TASK GOAL: Reproduce nothing beyond the line containing "最後に、生活委員会、環境・ボ". From the first line of the data below down to it, copy each line exactly, without the pictures.

INPUT DATA:
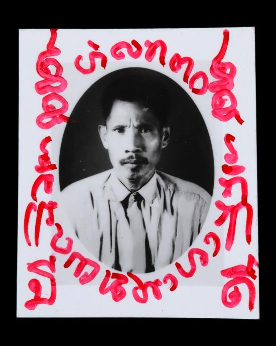 รูปถ่ายฟิล์มล้างมือโบราณ ฉากนิยม "กลมอู่" พ่อเที่ยง น่วมมานา บ้านมีดี จารหน้าหลัง
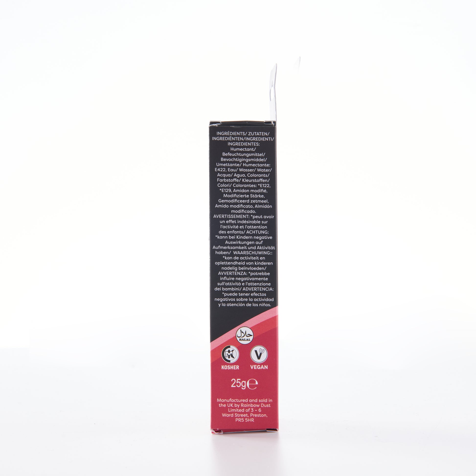 Zutaten: Feuchthaltemittel: E422, Wasser, Farben: *E122, *E129, modifizierte Stärke (Tapioka). Warnung: *E122, *E129 können die Aktivität und Aufmerksamkeit von Kindern beeinträchtigen.
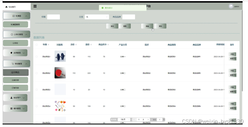 (7)运动商品:点击“运动商品”可以查看到系统中的商品信息,如果想要添加新的商品,点击“添加”按钮,根据提示输入上商品信息,点击“提交”按钮,信息没有错误的话,添加就完成了,如果商品信息有误,可以对商品更新维护,也可以直接删除某一商品。
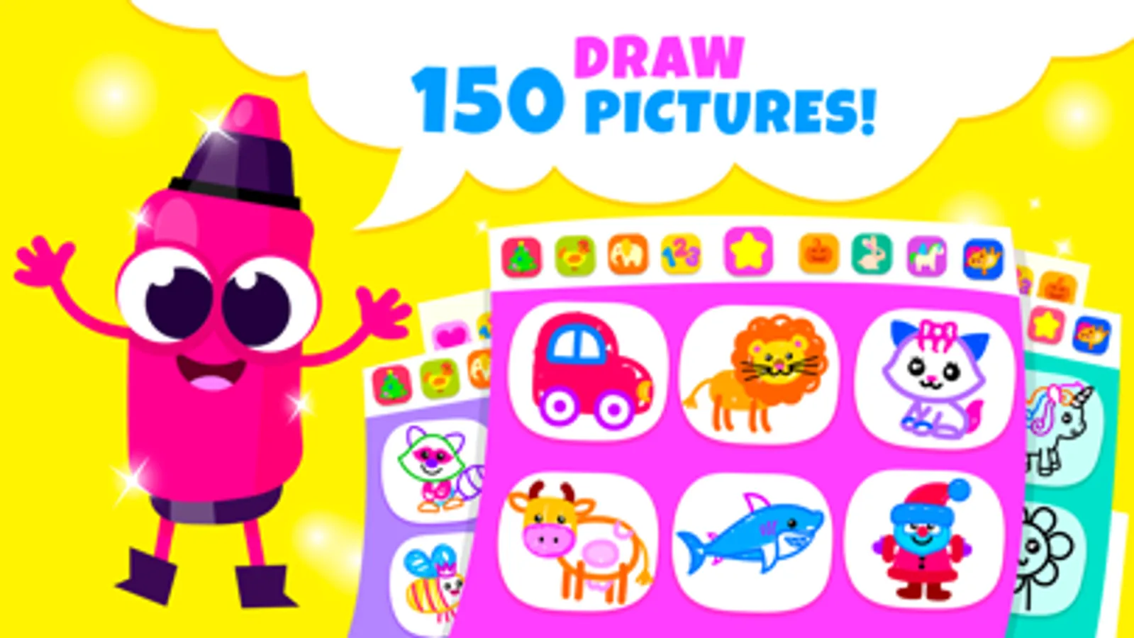 - 150 step-by step drawing tutorials in 10 thematic sets with different complexity levels for kids aged 2 to 6
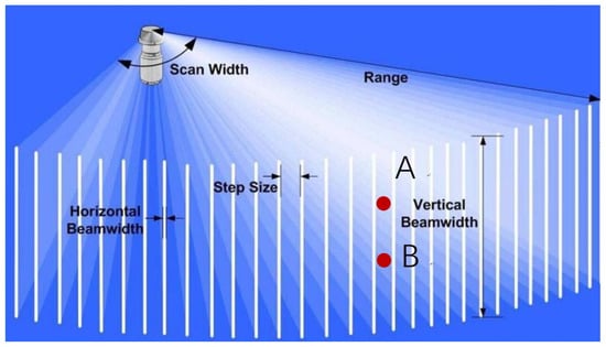 Sonar images encapsulate temporal, angular, and intensity data. It is noteworthy that for data points where different angles correspond to identical time-of-arrival instances, such as points A and B (See Figure 2), the sonar is incapable of distinguishing between them.
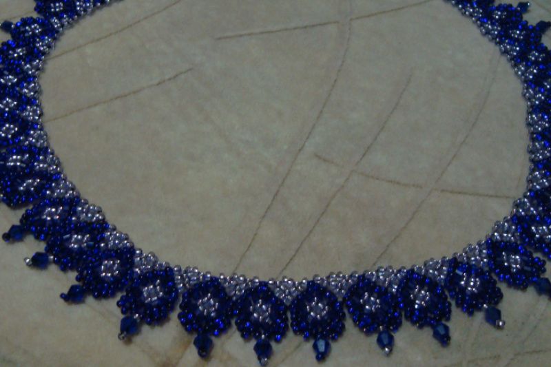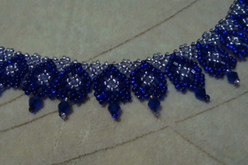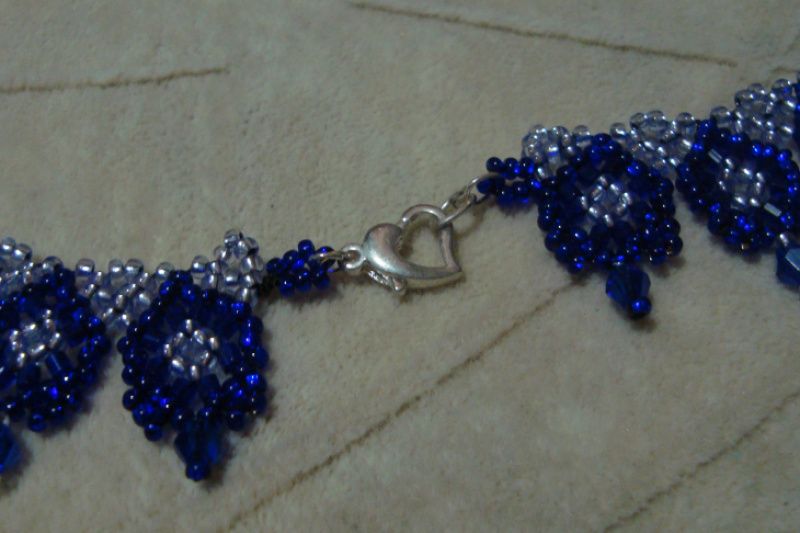 Гарне кольє з чеського бісеру "вогник" та скляних біконусів у королівському кольорі: синьому та срібному, застібка карабін-сердечко
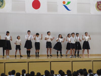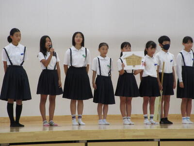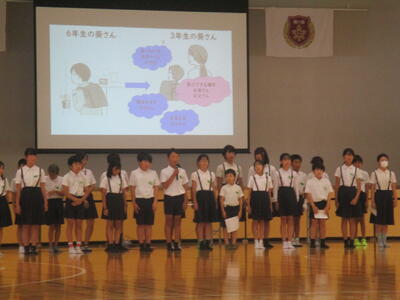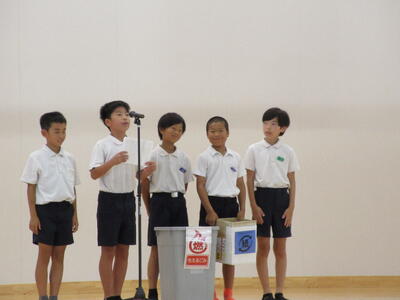 最後に、生活委員会、環境・ボランティア委員会、放送委員会の児童がこれまでの取り組みを発表しました。
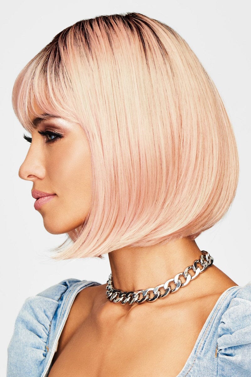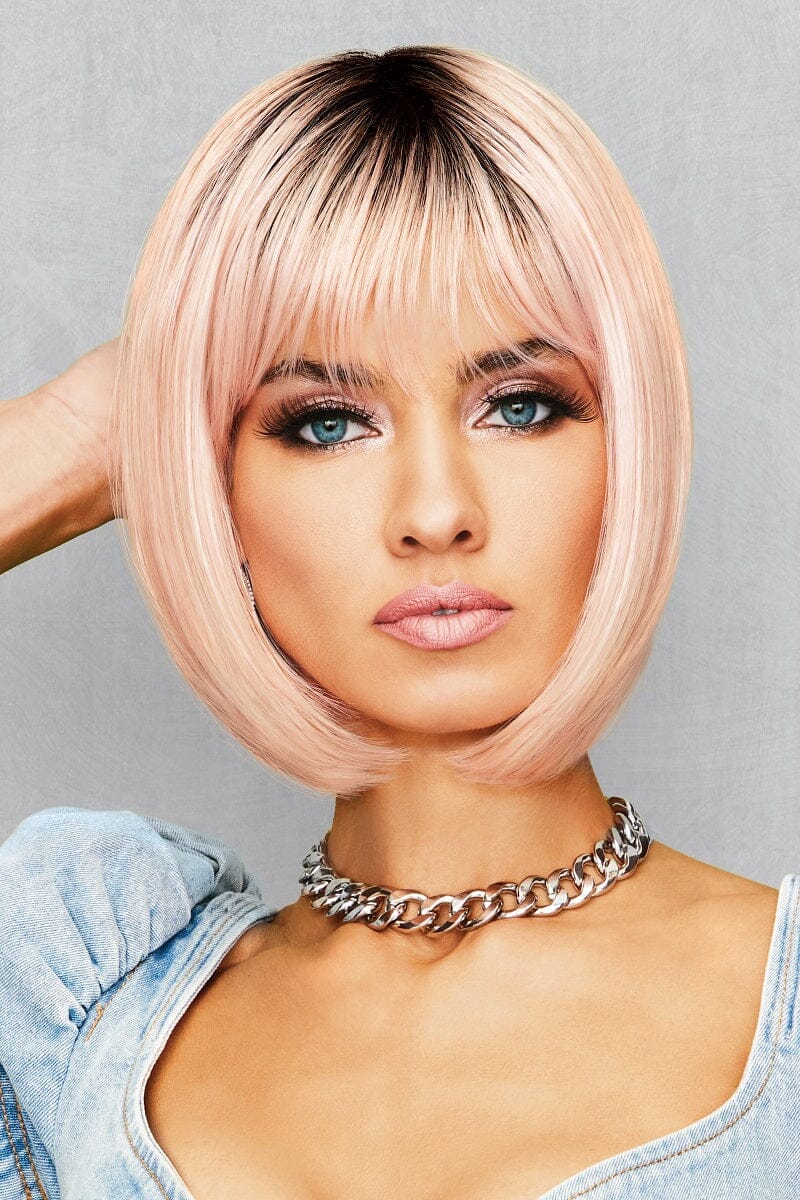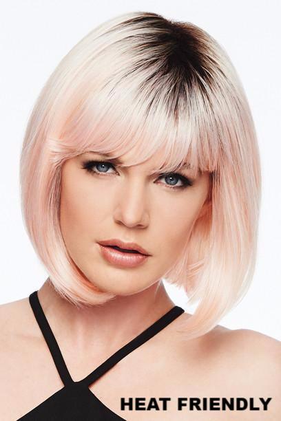 The perfect shade of peachy pink can now be yours without commitment. This pastel color trend is paired with a bob cut, making it classic yet edgy. The multi-faceted color has a darker root to add contrast and a natural look. Have your hairstylist customize the bang and style the Tru2Life® heat-friendly synthetic hair with a curling iron or flat iron. The cap is made to be light and as cool as you.

RESULT:
 รูปถ่ายฟิล์มล้างมือโบราณ ฉากนิยม "กลมอู่" พ่อเที่ยง น่วมมานา บ้านมีดี จารหน้าหลัง
 Zutaten: Feuchthaltemittel: E422, Wasser, Farben: *E122, *E129, modifizierte Stärke (Tapioka). Warnung: *E122, *E129 können die Aktivität und Aufmerksamkeit von Kindern beeinträchtigen.
 (7)运动商品:点击“运动商品”可以查看到系统中的商品信息,如果想要添加新的商品,点击“添加”按钮,根据提示输入上商品信息,点击“提交”按钮,信息没有错误的话,添加就完成了,如果商品信息有误,可以对商品更新维护,也可以直接删除某一商品。
 - 150 step-by step drawing tutorials in 10 thematic sets with different complexity levels for kids aged 2 to 6
 Sonar images encapsulate temporal, angular, and intensity data. It is noteworthy that for data points where different angles correspond to identical time-of-arrival instances, such as points A and B (See Figure 2), the sonar is incapable of distinguishing between them.
 Гарне кольє з чеського бісеру "вогник" та скляних біконусів у королівському кольорі: синьому та срібному, застібка карабін-сердечко
 最後に、生活委員会、環境・ボランティア委員会、放送委員会の児童がこれまでの取り組みを発表しました。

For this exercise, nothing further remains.